Мы побежали за ним; последней семенила, теряя на ходу тапочки, Магдалина Харитоновна. Деревянная лестница затряслась от топота тридцати пар ног. Мы очутились в большом зале второго этажа. Множество картин и портретов, больших и маленьких, промелькнуло у меня перед глазами.
- Вот, смотрите. - Запыхавшийся заведующий подскочил к небольшой картине в массивной золоченой раме и указал на правый нижний угол.
Тяжело дыша от быстрого бега, мы все, и взрослые и ребята, молча подходили, по очереди наклонялись, читали бисерно-мелкую, светлыми буквами на черном фоне, надпись, отступали на несколько шагов и останавливались неподвижно, задумчиво оглядывая самую картину…
На картине был изображен темный дубовый, совсем простой стол, а на столе на первом плане лежал небольшой, с тончайшей серебряной резьбой на рукоятке кинжал, возле кинжала распласталась мертвая птица величиной с голубя, песочно-желтого или, скорее, палевого цвета, с открытым клювом и тускло-свинцовым, потухшим глазом.

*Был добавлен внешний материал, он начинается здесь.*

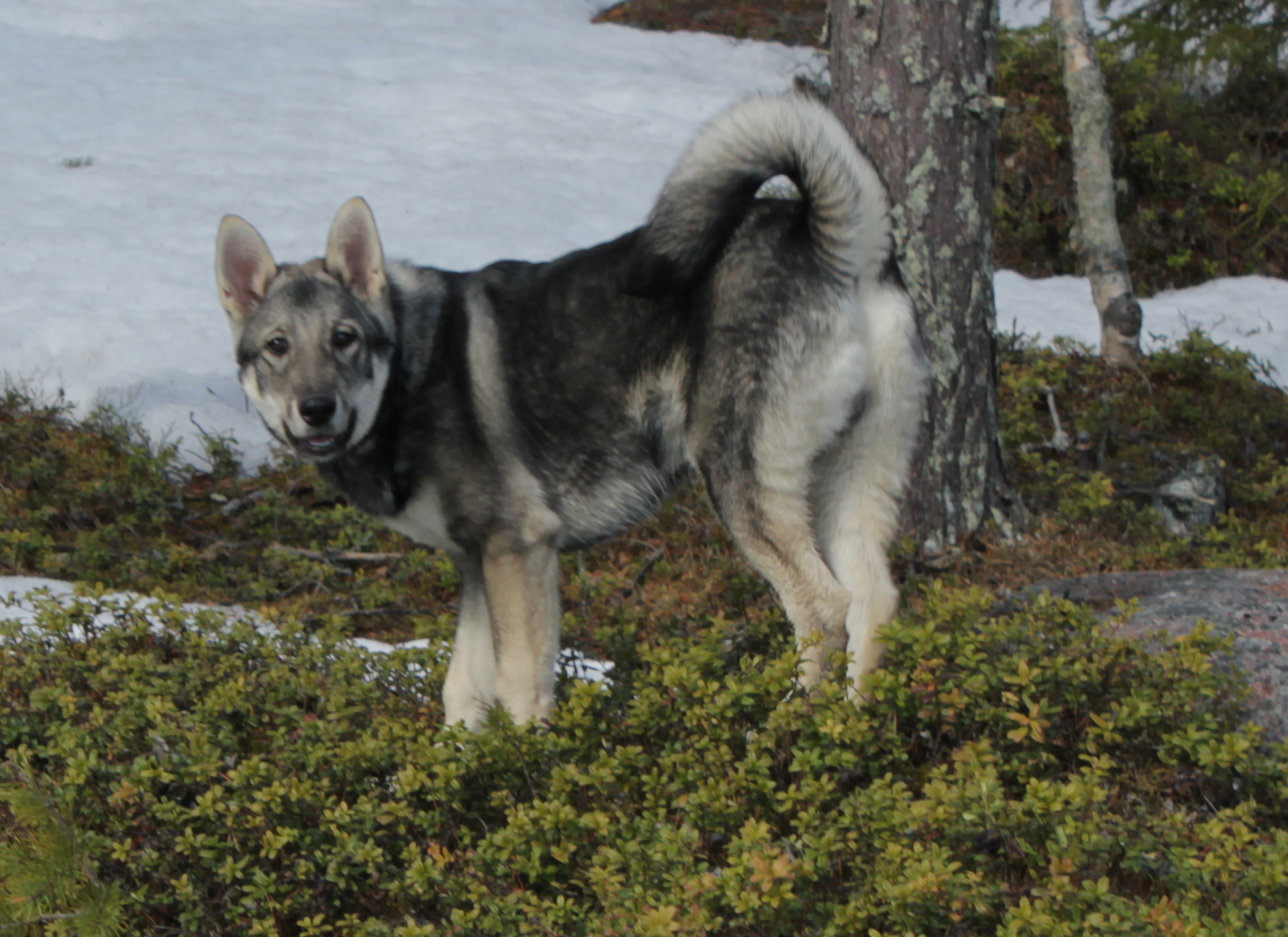 Nu har året hunnit fram till första maj. Otroligt fort året har runnit fram. Vårfloden har runnit rejält i Keräsjoki men nu sjunker nivån. Jag fick se två uttrar för några dagar sedan. En mycket trevlig upplevelse. Tyvärr hade jag inte kameran med. Älgarna har börjat röra på sig. Nu hoppas vi att komma på spår med Phoenix. Det blir riktigt roligt att få se hur han reagerar. Det är inte helt snöfritt så det är lite besvärligt att komma ut i naturen. Jag har en älgklöv i frysen som blir till att anlägga spår och testa valpen.

Сзади птицы стоял хрустальный бокал с отбитым краем. Фон картины был неопределенный, синевато-серый.
Три алых пятна были самыми впечатляющими на картине. Одно пятно - это лужица крови на столе под грудкой птицы. Другое пятно - драгоценный камень, кажется рубин, на рукоятке кинжала. Величиной не больше лесного ореха, обрамленный серебром, он сверкал и искрился на солнце ярче огня. И третье пятно - это высокий хрустальный бокал, наполненный темно-красным, почти черным вином. Художник едва дотронулся до хрусталя кое-где светлыми мазками, и бокал заиграл и заискрился алым и алмазным блеском еще ярче рубина.
То ли ребята устали, то ли нас так захватила картина, но мы долго стояли перед нею молча. Я заметил слезы на Люсиных ресницах…
Вдруг кто-то прижался ко мне. Я оглянулся: ага, близнец с черным ремнем, - значит, Женя.
- Доктор, я такого никогда не видел! - сказал он.
Я чувствовал - мальчик хотел сказать что-то очень для себя важное, но, видимо устыдившись своего невольного порыва, отошел и спрятался за спины других.
- А скажите, откуда у вас этот натюрморт? - спросила Магдалина Харитоновна.
Кажется, и ее проняло, она волновалась не меньше нас.
- Откуда? Из бывшего дворца Загвоздецких, когда-то богатейших здешних помещиков. У нас имеются неопровержимые доказательства, что именно в Любце художник писал эту картину, и, следовательно, жар-птицы и раньше водились в наших местах. Видите, у бокала отбитый край. Именно этот самый бокал, также принадлежавший Загвоздецким, теперь находится у упомянутого мною Номера Первого.
- Так кто же художник и почему он не смог подписаться? - с дрожью в голосе спросила Люся.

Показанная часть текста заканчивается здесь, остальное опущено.